*** Available data Section Begins ***

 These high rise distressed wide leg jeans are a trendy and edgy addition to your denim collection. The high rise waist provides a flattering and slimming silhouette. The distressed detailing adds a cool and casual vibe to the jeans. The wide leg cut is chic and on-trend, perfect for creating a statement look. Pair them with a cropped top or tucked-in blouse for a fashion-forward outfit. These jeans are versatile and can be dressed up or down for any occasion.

*** Available data Section Ends ***
*** Available data Section Begins ***

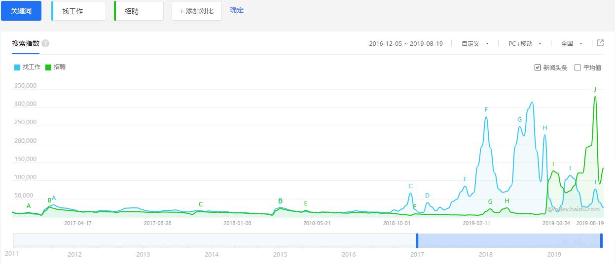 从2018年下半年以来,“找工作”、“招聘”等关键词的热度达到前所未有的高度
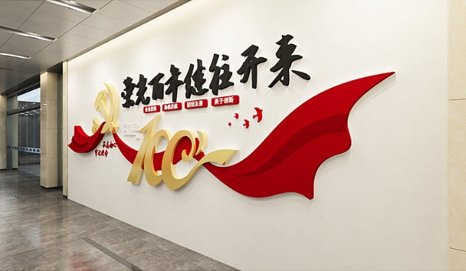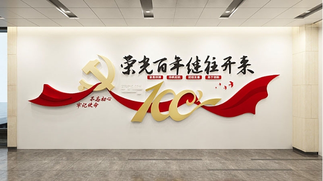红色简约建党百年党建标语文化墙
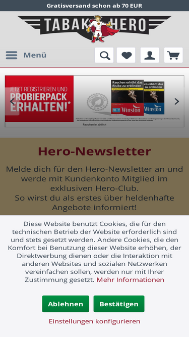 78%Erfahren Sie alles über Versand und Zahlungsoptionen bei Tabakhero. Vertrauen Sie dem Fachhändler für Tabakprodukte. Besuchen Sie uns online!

*** Available data Section Ends ***
*** Available data Section Begins ***

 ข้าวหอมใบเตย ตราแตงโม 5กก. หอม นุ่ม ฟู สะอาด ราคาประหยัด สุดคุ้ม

*** Available data Section Ends ***

(Assigned task): Everything above from the line that has "红色简约建党百年党建标语文化墙" down to the line that has "78%Erfahren Sie alles" should be output exactly, with both of those lines included. Leave the pictures behind.

(Exercise result):
红色简约建党百年党建标语文化墙
 78%Erfahren Sie alles über Versand und Zahlungsoptionen bei Tabakhero. Vertrauen Sie dem Fachhändler für Tabakprodukte. Besuchen Sie uns online!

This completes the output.